"You are something."
She leans forward to trace the southern approach on the map. The movement brings her closer, and her scent reaches me ahead of her hand. The familiar markers first: pine, mineral, the faint botanical trace of whatever she takes every morning.
Then something underneath. Warm and sweet and carrying a signature that hits the base of my skull and detonates.
Whatever she takes to suppress it fails for a single breath. The thing underneath pushes through, and my body recognizes it at a depth where language has not been invented yet. My pupils blow. Every muscle locks. My hands flatten on the table.
My wolf surges against the inside of my ribs with a force that buckles my breathing, and the sound that comes from my throat is not a word.
She freezes. Her left hand flies to the hollow of her throat, covering the bonding site with the reflex I watched when I told her about Grimnir.
But her face doesn’t carry fear. What I see is recognition. The expression of a woman who has been carrying a detonator for years and just watched someone discover the trigger.
Omega.
Every tell I cataloged reorganizes around the word. Whatever she takes every morning. The hand at the bonding site. The Grimnir fear. The metalworker mother who built a forge in the back of her workshop and raised a daughter who covers the hollow of her own throat with a reflex older than conscious thought.
She’s been hiding in plain sight, and I’ve been dismantling the hiding by existing in the room next to hers.
Whatever broke through seals over, and the air between us returns to something that merely hums instead of screams. My hands are still flat on the table. My arms are shaking, a fine tremor I can feel in the bones of my wrists.
She pulls her hand from her throat, each finger peeling away with deliberate control. Her face is white. Her breathing is too fast.
The map sits between us with the drainage route half-traced, and the map has stopped meaning anything at all.
I stand. The standing is the hardest physical act I’ve performed in years, because standing means moving away fromher, and my body wants to circle the table and press my face into the junction of her neck and shoulder and breathe until every chamber of my lungs is full of what I just smelled. My vision greys at the edges from the effort of not doing it.
"We're done." My voice sounds like it has been dragged across gravel. Two words. All I can manage.
She stands. The composure she reassembles is thinner than it was this morning, the skin beneath her jaw carrying a flush her body cannot explain away. She gathers the map with steady hands, rolls it with the precise movements of a woman performing calm, and walks toward the door.
She stops with her hand on the frame.
"Whatever just happened to your concentration is yours to manage, Torben." My name in her mouth for the first time, without the title, without distance, aimed like a blade over her shoulder. "It doesn’t change the terms."
Revna leaves. I don’t walk her back. Every debriefing before this one ended with my hand on her arm and the few steps between our doors, but my hands can’t touch her right now. My hands can’t be trusted with the distance between the table and her skin. The door closes and I grip the edge of the table until the wood creaks and my breathing returns to something functional.
I head to Signe's infirmary, because the alternative is following Revna, which is something I’m not prepared to do. Signe is grinding something in a stone mortar when I arrive, her silver-blonde hair pulled back from a face that has never carried an expression it did not intend.
"You look like you've taken a blow."
"Hypothetical question?"
"No such thing." She sets the mortar aside. "But go ahead."
"If a beta were to encounter a strong omega scent, one that has been suppressed and is breaking through, what would the physical response look like in a compatible match?"
The wordcompatibleearns me a silence that lasts several heartbeats. I press my hands against my thighs to keep them still. The scent memory hooks into every inhale, dragging my attention back toward the residential wing.
My wolf hasn’t stopped pulling since I left the room, a constant pressure behind my ribs aimed at the wall between our quarters like a compass needle locked on north. The effort of standing in this infirmary having a clinical conversation while my biology tries to walk me back through the door costs more than anything I’ve spent in years.

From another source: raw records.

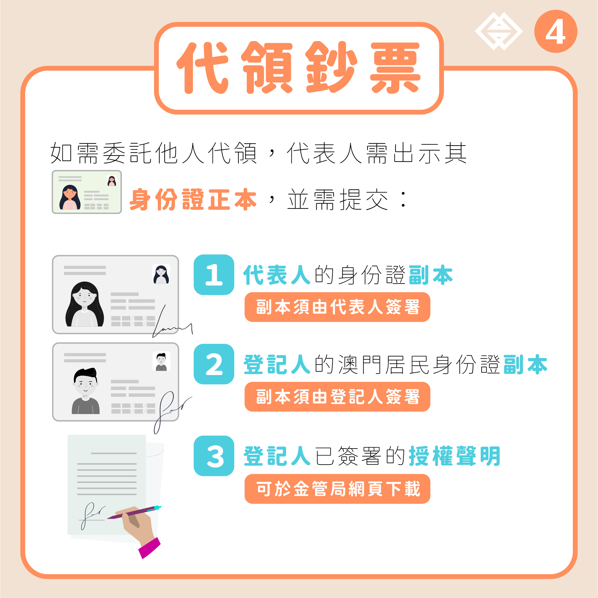 兌換期為2021年5月4日至7月23日,成功登記的人士請於所選定的時間及銀行網點,帶同其有效的澳門居民身份證親身前往兌換。如需委託他人代領,代表人則須帶同自己的身份證明文件正本以及提交下列文件: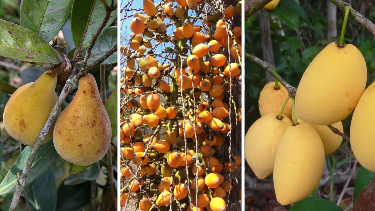 Nativa do cerrado brasileiro e ele pode atingir até 25m de altura as suas folhas são verdes e As Flores São pequenas decoração Branca esverdeada que floresce de Outubro a Janeiro o seu público é de cor marrom claro e quando amadurece fica amarro e escuro e ele é protegido por uma dura casta que no interior encontra-se uma amêndoa desse Sabor parecido com o do amendoim de alto valor nutricional que é muito apreciado pelas pessoas número 5 bacupari o bacupari é uma fruta nativa do Brasil encontrada na região Amazônica ao Rio Grande do Sul e no cerrado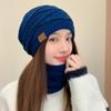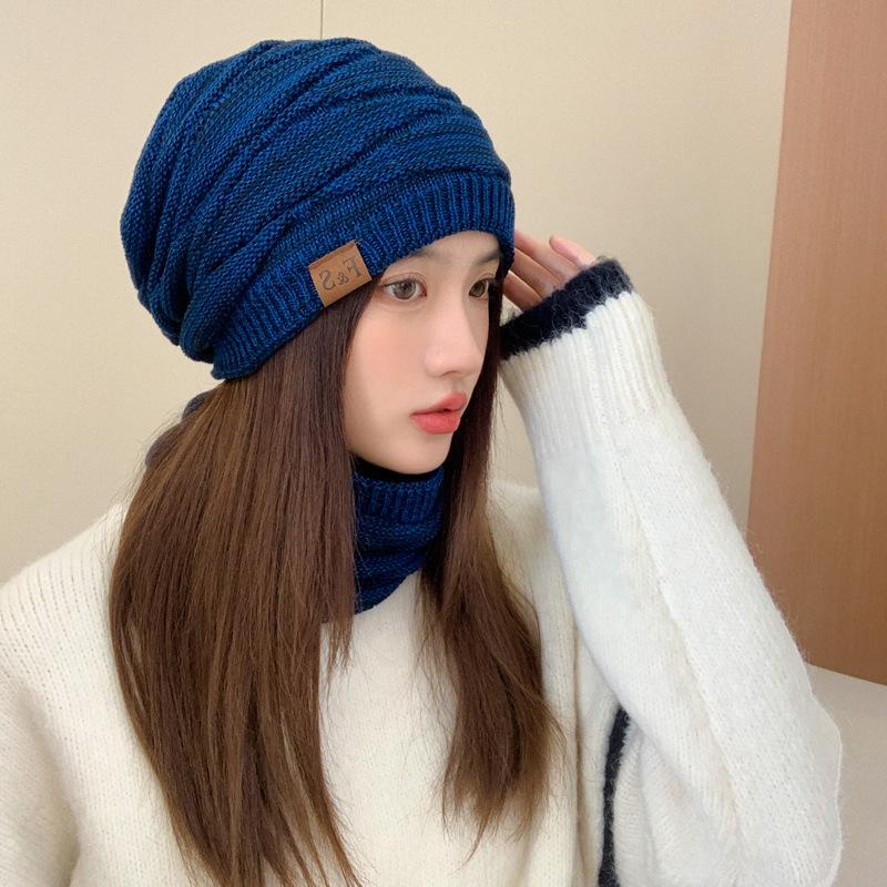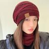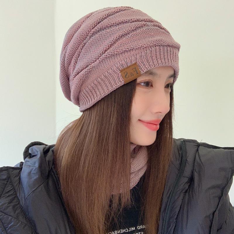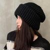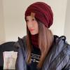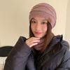 Gorro de lana de punto para otoño e invierno, gorro de confinamiento con orejeras cálidas a la moda, gorro de pelo, gorro de punto de cabeza grande para mujer a la moda

"The pupils dilate," Signe says, her tone flat and precise. "The heart rate elevates. The musculature locks into a posture the conscious mind doesn’t authorize." She watches my hands, pressed hard against my thighs. "Any male's pheromone output spikes in the presence of omega scent. That is standard biology. What is not standard is what happens with a compatible match. The beta's output does not plateau. It escalates, which accelerates the omega's scent production, which deepens the beta's response." She pauses. "There is no neutral terminus. The feedback loop continues until one party removes themselves from proximity or the biology reaches its conclusion."
The conclusion. My body supplies the image before my mind can block it: Revna underneath me, her scent unfiltered and rising from her skin while my mouth finds the hollow of her throat. I lock my jaw and grind the image flat.
"If the omega is using suppressants, what does sustained proximity to a compatible beta do?"
"It accelerates the failure. A compatible beta's pheromones are the key to whatever lock the suppressant is maintaining." Another pause, and this one has teeth. "The kind of exposure that comes from sharing air in enclosed quarters and sharing meals across a table every morning. The suppressant was never designed to resist that."